© INTERNEJean-Claude Puget est pneumologue et directeur du Centre de traitement des affections respiratoires (CTAR), à Paris. Avec 18.000 consultations par an, ce centre est le plus important de France dans son domaine. Contacté par tf1.fr, le docteur Puget tient à relativiser l’impact sur la santé des pics de pollution.
Les risques sanitaires
- Chez les personnes "saines" :
"Quand le taux d’ozone est très élevé, ce qui n’est pas le cas en ce moment puisque le niveau de pollution ne dépasse pas le niveau 1 d’information, la pollution peut entraîner des irritations oculaires ou nasales et aggraver l’asthme."
- Chez les asthmatiques :
"20% d’entre eux diminuent leur fonction ventilatoire de 4%. Cette baisse est passagère et peu grave, car l’organisme s’adapte rapidement. Le risque est beaucoup plus important lorsque les asthmatiques sont confrontés au tabagisme, actif ou passif, et à d’autres types de pollution provoqués par des cuisinières au gaz ou des barbecue, par exemple."

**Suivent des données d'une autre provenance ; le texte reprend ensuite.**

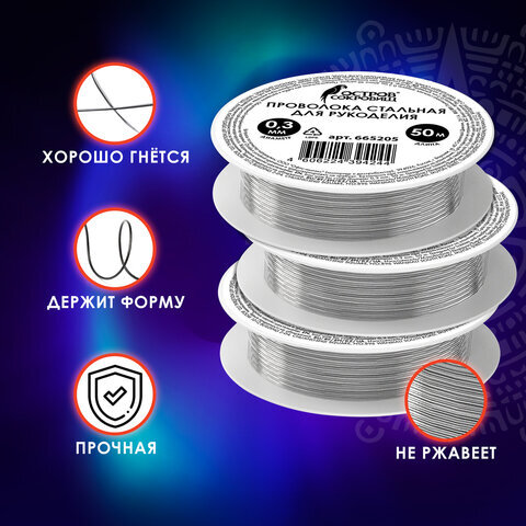 Проволока стальная для рукоделия, диаметр 0,3 мм, длина 50 м, ОСТРОВ СОКРОВИЩ, 665205
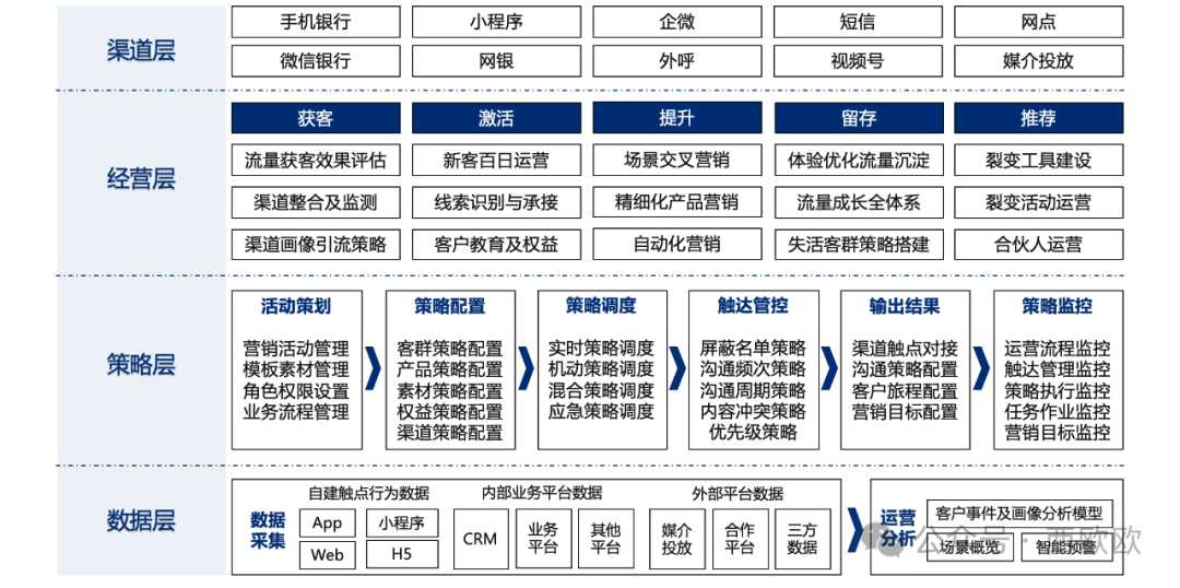 在上述这套经营策略的基础上继续扩展,即可得出银行的客户经营总体结构(下图),主要包括渠道层、经营侧、策略层和数据层等四个方面。
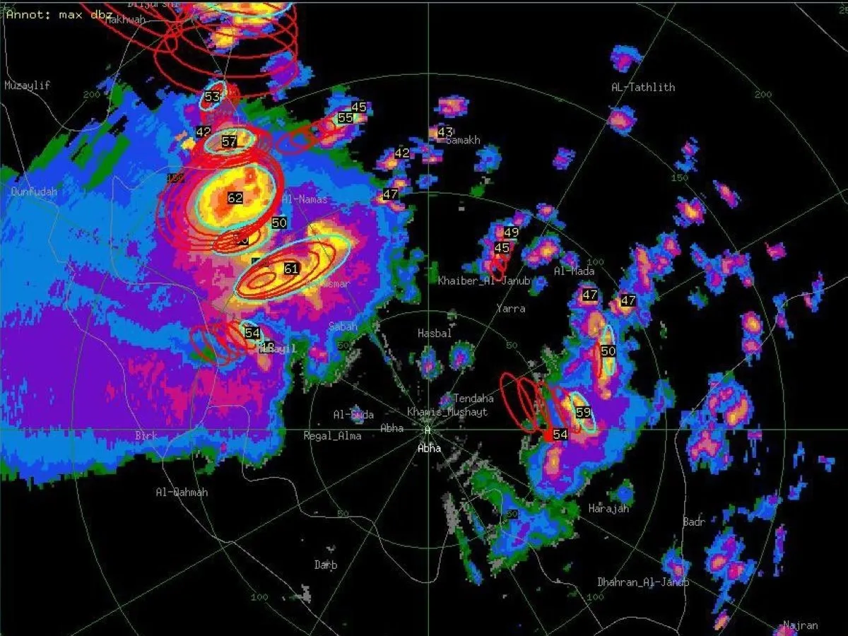رادارات الطقس توضح استمرار هطول الأمطار على عسير والباحة ومكة المكرمة (المركز السعودي للأرصاد)

- Chez les personnes âgées :
"Elles sont quasiment insensibles à la pollution car leurs voies respiratoires sont figées. En revanche, elles sont beaucoup plus sensibles à la canicule."
- Chez les enfants :
"C’est une population peut-être un tout petit peu plus sensible aux aggravations de gênes respiratoires."
Les précautions à prendre
"Il faut éviter de faire du sport à 14 heures, en plein soleil ! Bien entendu, il faut boire beaucoup. Les personnes souffrant d’insuffisances cardiaques doivent consulter leur médecin pour vérifier leur taux de sodium et de potassium : en général, les régimes sans sel stricts et la prise de diurétiques peuvent entraîner des complications du fait de la chaleur, mais pas de la pollution. Quand aux asthmatiques, ils doivent bien prendre leurs médicaments matin et soir. Or, un tiers des 20% d’asthmatiques plus sensibles à la pollution oublient de le faire", indique Jean-Claude Puget.
"Depuis six ans, nous n’avons pas constaté, au Centre, d’afflux significatif de malades lors des pics de pollution. En revanche, l’afflux est notable quand ces pics interviennent pendant une période d’épidémie virale. C’est souvent le cas en hiver", ajoute-t-il. Et de conclure avec malice : "La seule épidémie que je constate en ce moment, c’est une épidémie de… journalistes, qui viennent m’interviewer sur les risques sanitaires de la pollution !" Que les lecteurs se rassurent, cette épidémie n’est pas contagieuse.